A VCL backend definition is easy; all you need are the host address and the port the backend is listening on:

backend default {
    .host = "127.0.0.1";
    .port = "8080";
}

However, there are often multiple backends, and you want to be able to control which request goes to which backend. You can

define multiple backends and use req.backend_hint to assign a backend other than the default one. By incorporating the req.backend_hint variable in our VCL logic, we can perform content-aware load balancing so that each backend can be tuned to its specific task.

Backend health

A basic backend health check can easily be undertaken.

You can view the health of your backends by executing the following command: varnishadm backend.list

This could be the output of that command:

Backend name	Admin	Probe
boot.public	probe	Healthy 10/10
boot.admin	probe	Healthy 10/10

Both backends are listed and their health is automatically checked by a probe (you can read up on how to analyze health probes in the Varnish Book). In the example above, the backend is considered healthy because 10 out of 10 checks were successful. You can define what you consider a healthy backend for your Varnish setup as the health probe is configurable.

Directors

A director is a built-in VMOD (Varnish module) that groups several backends and presents them as one. Directors offer different decision-making strategies to decide which request is handled by which backend. The goal of directors is to avoid backend latency by distributing requests across multiple backends: by balancing out backend requests, backend servers will experience

less load, which reduces latency for horizontal scalability.

Besides pure load balancing, directors also make sure that unhealthy backend nodes are not used, routing requests to, another healthy node, making up a high availability strategy.

In order to use directors, you first need to import the directors VMOD and initialize it in vcl_init.

There are different director distribution strategies, such as round-robin, which distributes loads equally, and each backend takes its turn sequentially.

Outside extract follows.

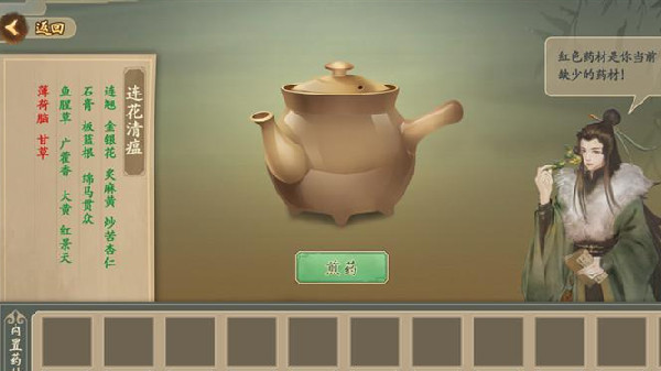 1. 煎药技巧:在煎药玩法中,玩家需要集齐药材后,根据药方中的药材名自动添加已有药材。药材不齐无法进行煎药,因此玩家需要提前准备好所需的药材。

Here’s an example of a round-robin director declaration that uses three backends:

sub vcl_init {
new loadbalancing = directors.round_robin();
loadbalancing.add_backend(backend1);
loadbalancing.add_backend(backend2);
loadbalancing.add_backend(backend3);
}

After we declare the director, it needs to be assigned in vcl_recv:

sub vcl_recv {
set req.backend_hint = loadbalancing.backend();
}

Round-robin is a good approach, but it is not suitable for every situation. For example, in cases in which your backend servers don’t have the same server resources, you would be forcing the server with the least amount of memory or CPU to share an equal load with better-resourced servers.

There are several other useful directors in Varnish, including random director, hash director, and the fallback director, which you can learn about in the O'Reilly book "Getting started with Varnish Cache”.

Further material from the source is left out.